◆ DATA PROVIDED ◆
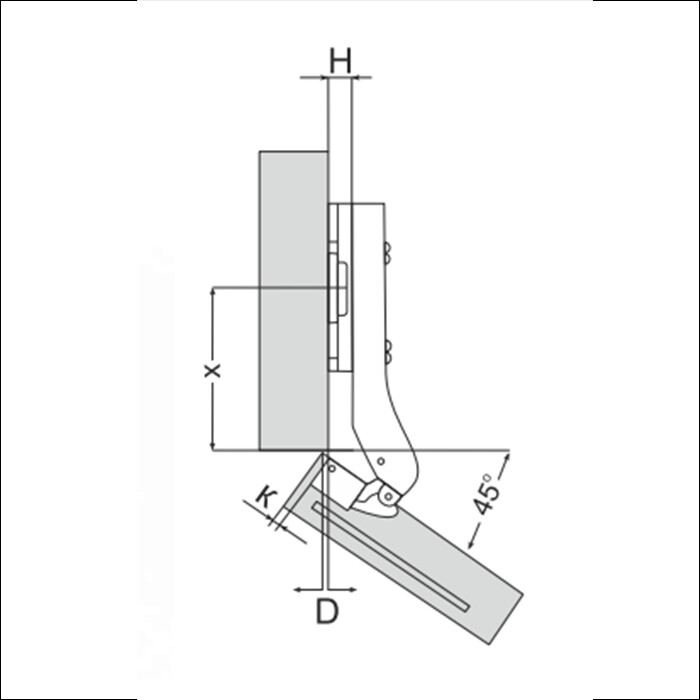 Петля угловая с доводчиком 45град 48мм чашка 35мм (100шт/кор) Gelony
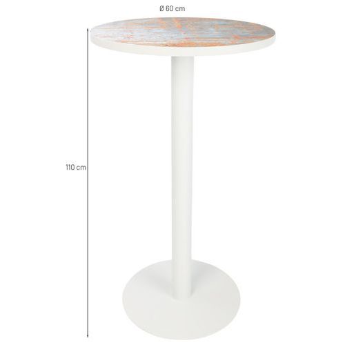 Plateau mélaminé épaisseur 25 mm avec chant ABS 2 mm Plateau hauteur 110 cm Pied acier laqué époxy blanc antirayure. Piètement central sur socle acier laqué époxy blanc anti-rayure. Socle Ø 49,5 cm, épaisseur 4 mm. Livré prêt à monter avec notice.
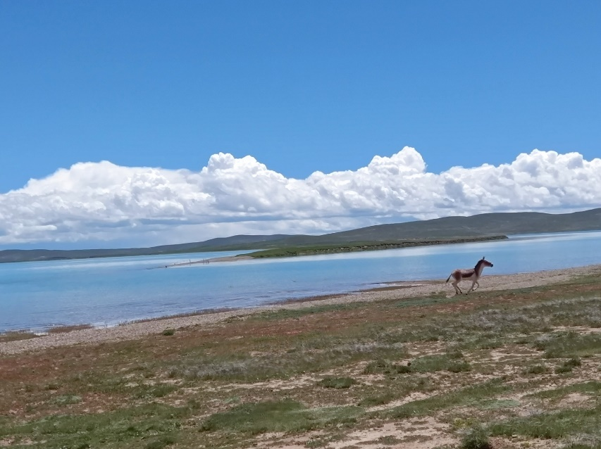 藏野驴在黄河源园区鄂陵湖旁觅食
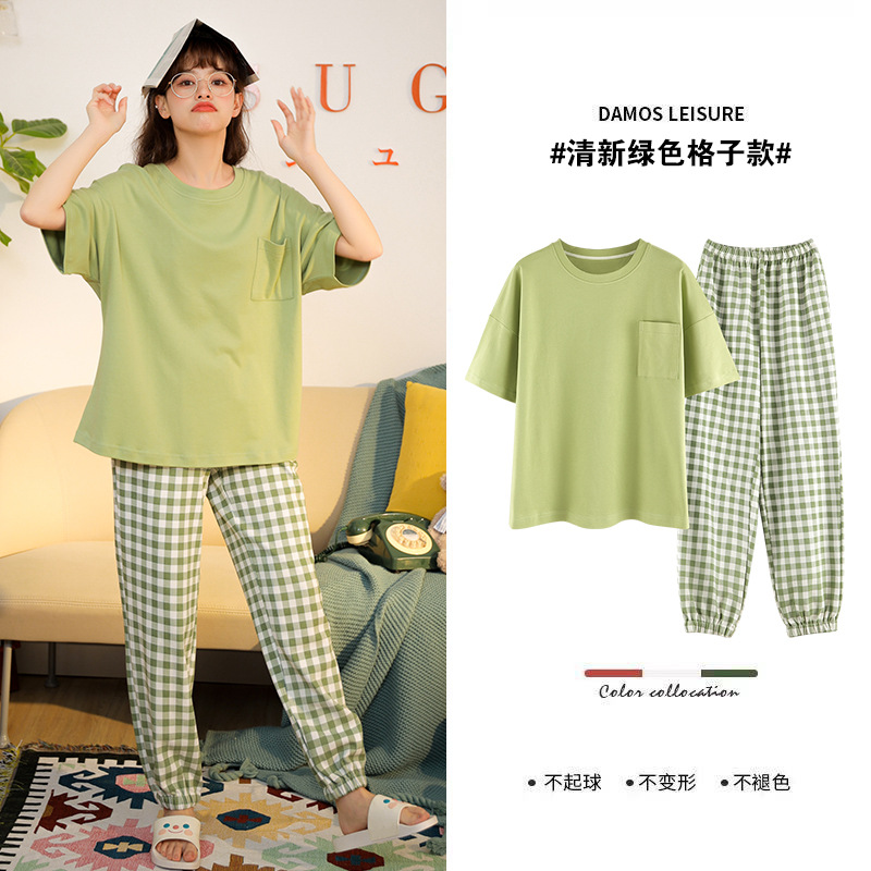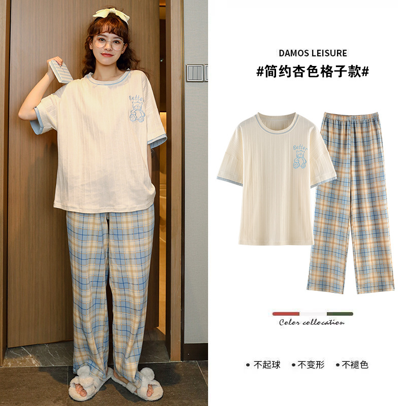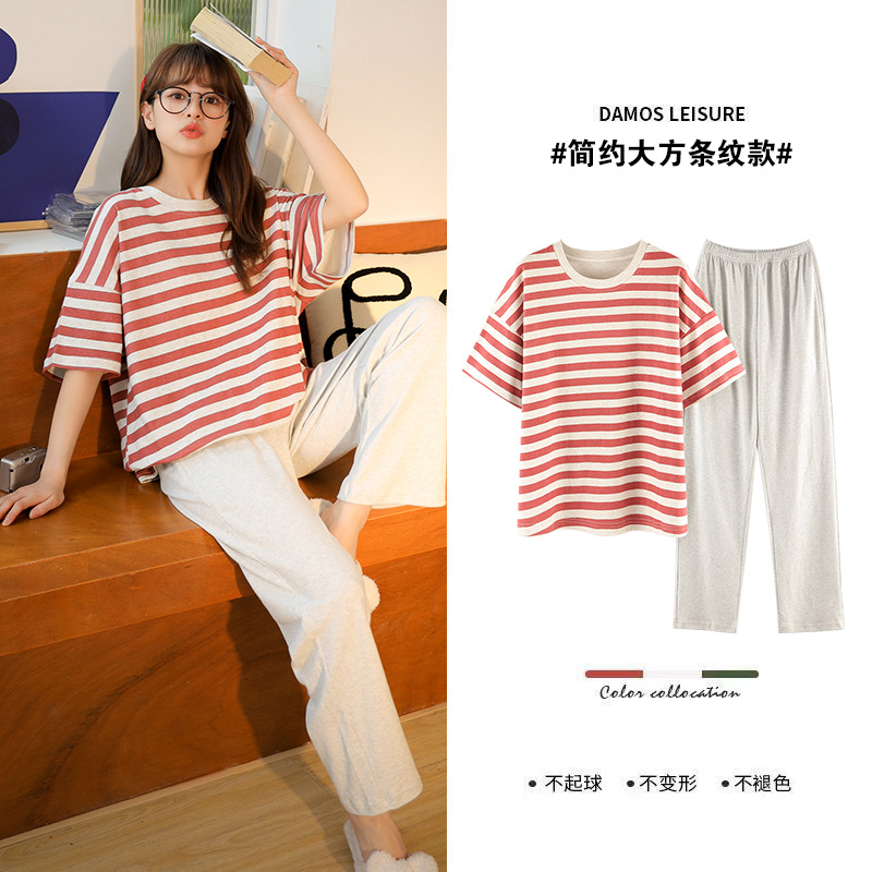 2022新款夏休闲针织棉女士睡衣 可外穿长裤短袖两件套家居服批发

◆ THE TASK ◆
Could you give again precisely the lines from the one containing "藏野驴在黄河源园区鄂陵湖旁觅食" through the final line of the material above, both included, and no others, dropping the pictures?

◆ ANSWER TO THIS TASK ◆
 藏野驴在黄河源园区鄂陵湖旁觅食
 2022新款夏休闲针织棉女士睡衣 可外穿长裤短袖两件套家居服批发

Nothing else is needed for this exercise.